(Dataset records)
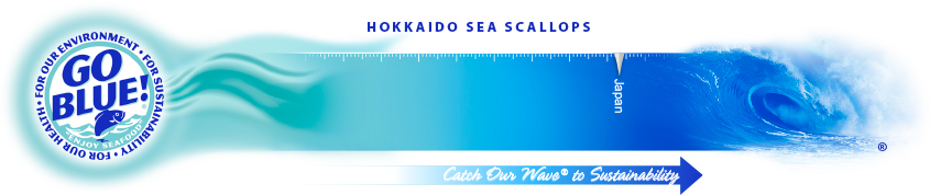 Actions that Sea Port is UndertakingSea Port supports this fishery and by doing so will help advance the environmental sustainability of this well managed fishery. This well managed wild scallop fishery adds another sustainable and responsibly produced seafood to a growing variety of seafood choices that will help sustain the health of both humans and the planet’s ecosystems. Sea Port believes that, in aggregate, choosing from a diverse variety of seafood is better for sustaining the world’s seafood resources and that Hokkaido Sea Scallops should be a part of this variety. We created the sustainability assessments for each of our seafood items in order to reveal the existing and potential environmental impacts and risks that are associated with producing them for human consumption. This allowed us to establish the starting position for each of our seafood items along our progressive Go Blue! Seafood Sustainability Spectrum®. These assessments are only a single snapshot in time and because of this, we will continue to assess and update the critical sustainability needs associated with our supply sources and issue updates to the Go Blue! Seafood Sustainability Spectrum® as needed. There is a growing global awareness for the need to assure the sustainability of farmed and wild caught seafood and because of this; all around the world positive changes are rapidly occurring at all levels of the seafood supply chain. We will continue to spread this growing awareness and work with our many industry partners to improve the sustainability of all seafood, which we believe is the ideal protein of choice to feed an ever growing world population. Our Go Blue! Seafood Sustainability Spectrum® serves as our compass and yardstick as we strive to move all our products forward to becoming more sustainable. Please join us in this committed quest and Catch Our Wave® to sustainability by choosing a diverse variety of responsibly produced seafood as part of your diet.
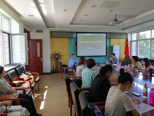 On May 22, the Department of Marketing of BTBU invited Dr. Han Shujie, Chairman of Weiming Crowd Innovation Company, founder and CEO of Weihe Space, and President of Tong Ya Academy, to give a lecture entitled “Business Model in the Internet Era” to postgraduate students of the Business School. Associate Professor Wang Yong hosted the lecture, while Professor Liu Wenzang, Associate Professor Zhu Rong, Wu Xiaoyu, Zheng Mingfu, Sun Baihui and other teachers of BTBU participated in the exchange and discussion.
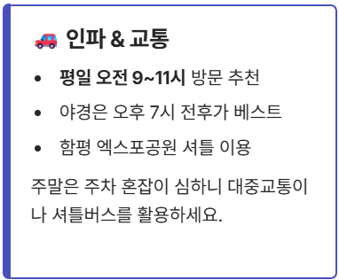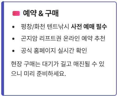 | **인파/교통** | **평일 오전 9시~11시** 방문 or **폐장 1시간 전** 공략 | 함평 축제는 주차 혼잡 심각. 함평 엑스포공원 셔틀 이용 추천. 곤지암 스키장 **개장 직후 리프트 대기** 피할 것. |
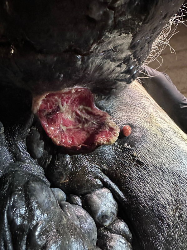 Cette plaie ne cicatrise pas, et dès qu’il fait le zouzou, en mettant sa queue en l’air, elle se réouvre voir s’agrandit
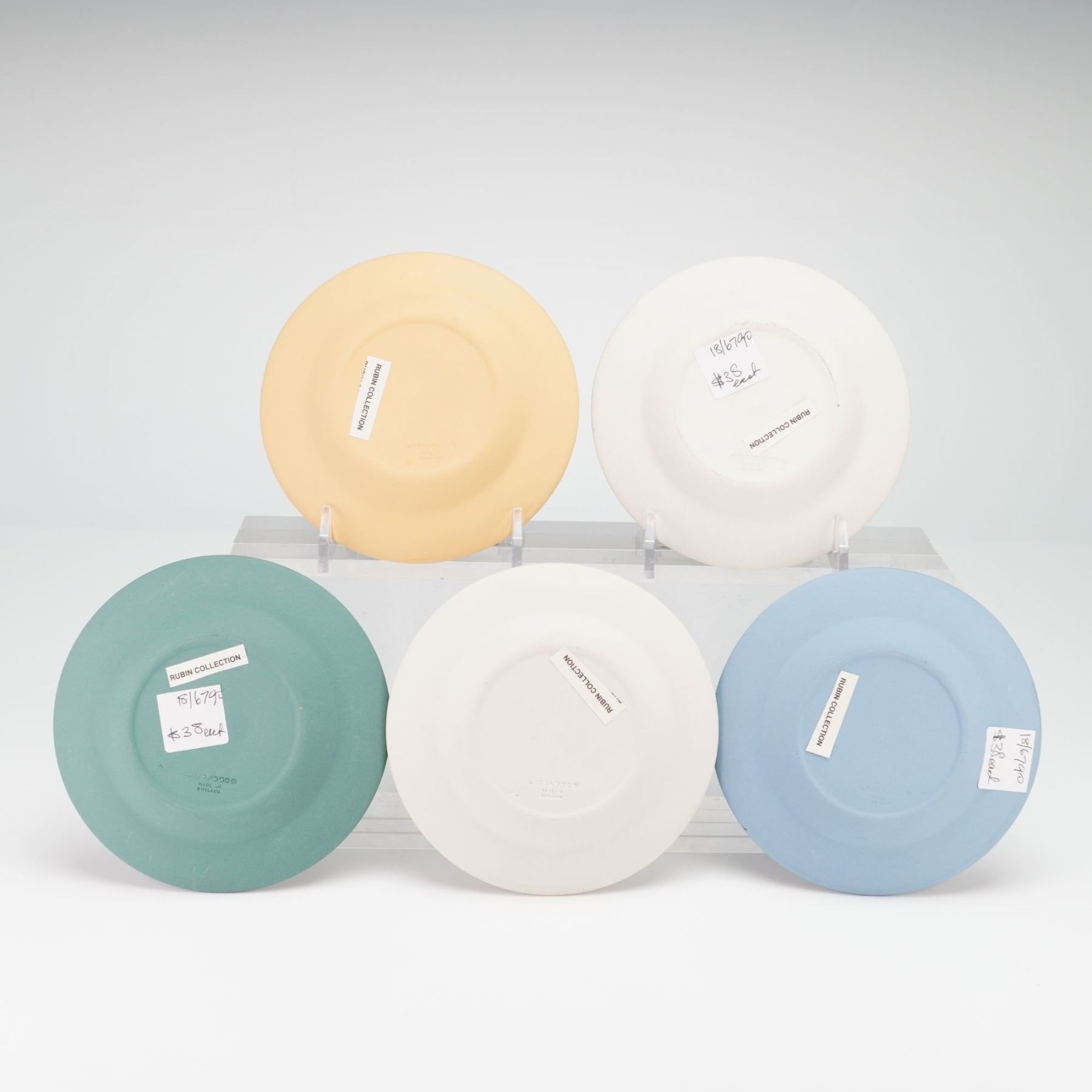 This collection of five Wedgwood jasperware miniature dishes features motifs from the Australian Native Flowers series. Each circular stoneware dish is decorated using a sprigged bas-relief technique, featuring a central botanical specimen and a coordinating foliate or laurel leaf border in a contrasting color to the body. The group includes a yellow dish with white relief, a white dish with cream relief, a sage green dish with pink relief, a white dish with pink relief, and a light blue dish with pink relief. The floral motifs include representations of primroses, blossoming branches, bleeding hearts, chrysanthemums, and hibiscus. The reverse of each piece bears the impressed mark WEDGWOOD and MADE IN ENGLAND, along with various individual potter marks. These items are part of the ww rubin coll, with each dish retaining a paper label for the Rubin Collection and handwritten inventory notations.
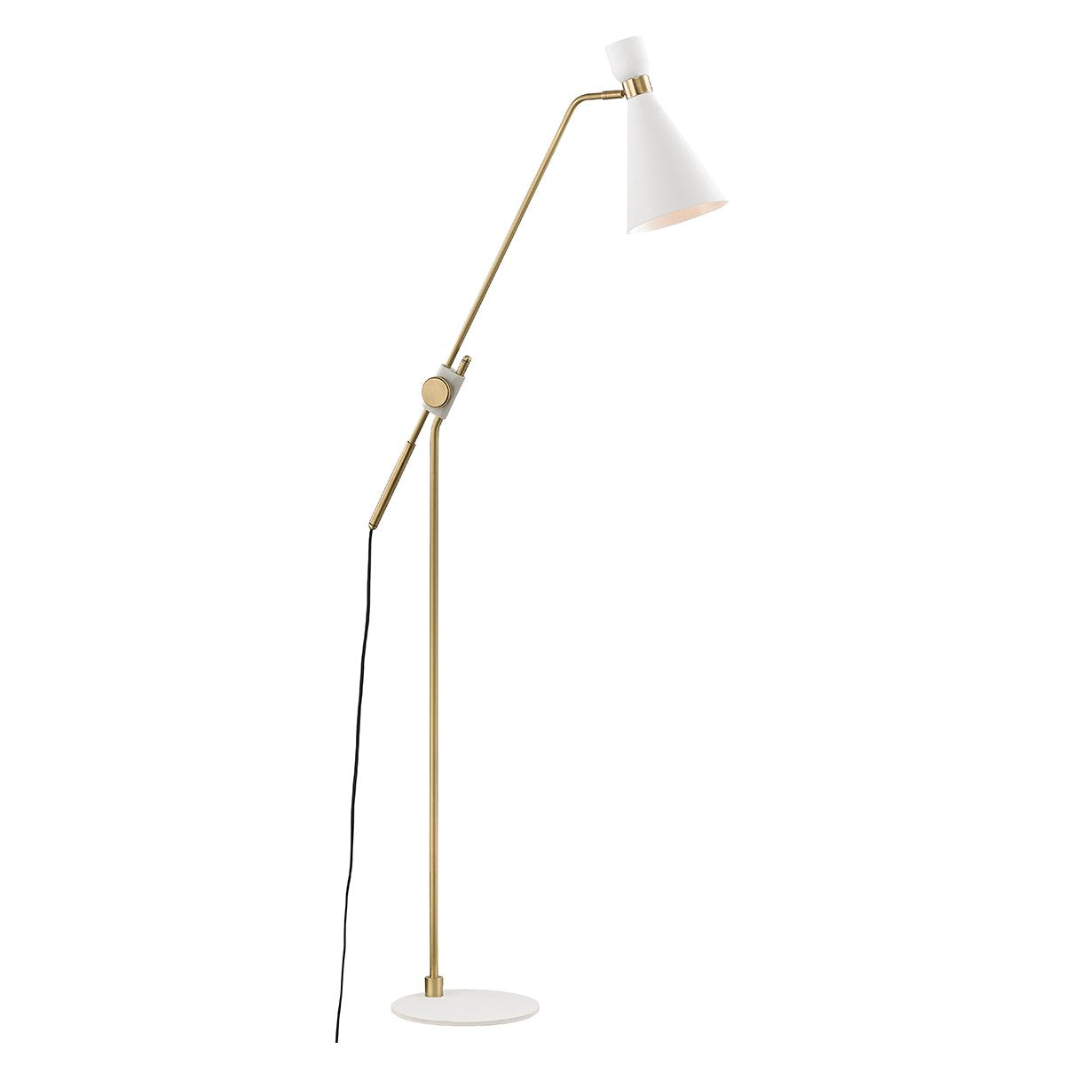 As a floor lamp, Willa is a striking addition to a space. Its oversized knob allows you to move the neck and head up and down, as well as lock it into position. Willa's further adjustable at the base of the contrastingly cuffed shade.

HOW TO COMPLETE THIS TASK: No picture belongs in the answer, but every word of the records above does, exactly as given.

ANSWER SPACE:
 Actions that Sea Port is UndertakingSea Port supports this fishery and by doing so will help advance the environmental sustainability of this well managed fishery. This well managed wild scallop fishery adds another sustainable and responsibly produced seafood to a growing variety of seafood choices that will help sustain the health of both humans and the planet’s ecosystems. Sea Port believes that, in aggregate, choosing from a diverse variety of seafood is better for sustaining the world’s seafood resources and that Hokkaido Sea Scallops should be a part of this variety. We created the sustainability assessments for each of our seafood items in order to reveal the existing and potential environmental impacts and risks that are associated with producing them for human consumption. This allowed us to establish the starting position for each of our seafood items along our progressive Go Blue! Seafood Sustainability Spectrum®. These assessments are only a single snapshot in time and because of this, we will continue to assess and update the critical sustainability needs associated with our supply sources and issue updates to the Go Blue! Seafood Sustainability Spectrum® as needed. There is a growing global awareness for the need to assure the sustainability of farmed and wild caught seafood and because of this; all around the world positive changes are rapidly occurring at all levels of the seafood supply chain. We will continue to spread this growing awareness and work with our many industry partners to improve the sustainability of all seafood, which we believe is the ideal protein of choice to feed an ever growing world population. Our Go Blue! Seafood Sustainability Spectrum® serves as our compass and yardstick as we strive to move all our products forward to becoming more sustainable. Please join us in this committed quest and Catch Our Wave® to sustainability by choosing a diverse variety of responsibly produced seafood as part of your diet.
 On May 22, the Department of Marketing of BTBU invited Dr. Han Shujie, Chairman of Weiming Crowd Innovation Company, founder and CEO of Weihe Space, and President of Tong Ya Academy, to give a lecture entitled “Business Model in the Internet Era” to postgraduate students of the Business School. Associate Professor Wang Yong hosted the lecture, while Professor Liu Wenzang, Associate Professor Zhu Rong, Wu Xiaoyu, Zheng Mingfu, Sun Baihui and other teachers of BTBU participated in the exchange and discussion.
 | **인파/교통** | **평일 오전 9시~11시** 방문 or **폐장 1시간 전** 공략 | 함평 축제는 주차 혼잡 심각. 함평 엑스포공원 셔틀 이용 추천. 곤지암 스키장 **개장 직후 리프트 대기** 피할 것. |
 Cette plaie ne cicatrise pas, et dès qu’il fait le zouzou, en mettant sa queue en l’air, elle se réouvre voir s’agrandit
 This collection of five Wedgwood jasperware miniature dishes features motifs from the Australian Native Flowers series. Each circular stoneware dish is decorated using a sprigged bas-relief technique, featuring a central botanical specimen and a coordinating foliate or laurel leaf border in a contrasting color to the body. The group includes a yellow dish with white relief, a white dish with cream relief, a sage green dish with pink relief, a white dish with pink relief, and a light blue dish with pink relief. The floral motifs include representations of primroses, blossoming branches, bleeding hearts, chrysanthemums, and hibiscus. The reverse of each piece bears the impressed mark WEDGWOOD and MADE IN ENGLAND, along with various individual potter marks. These items are part of the ww rubin coll, with each dish retaining a paper label for the Rubin Collection and handwritten inventory notations.
 As a floor lamp, Willa is a striking addition to a space. Its oversized knob allows you to move the neck and head up and down, as well as lock it into position. Willa's further adjustable at the base of the contrastingly cuffed shade.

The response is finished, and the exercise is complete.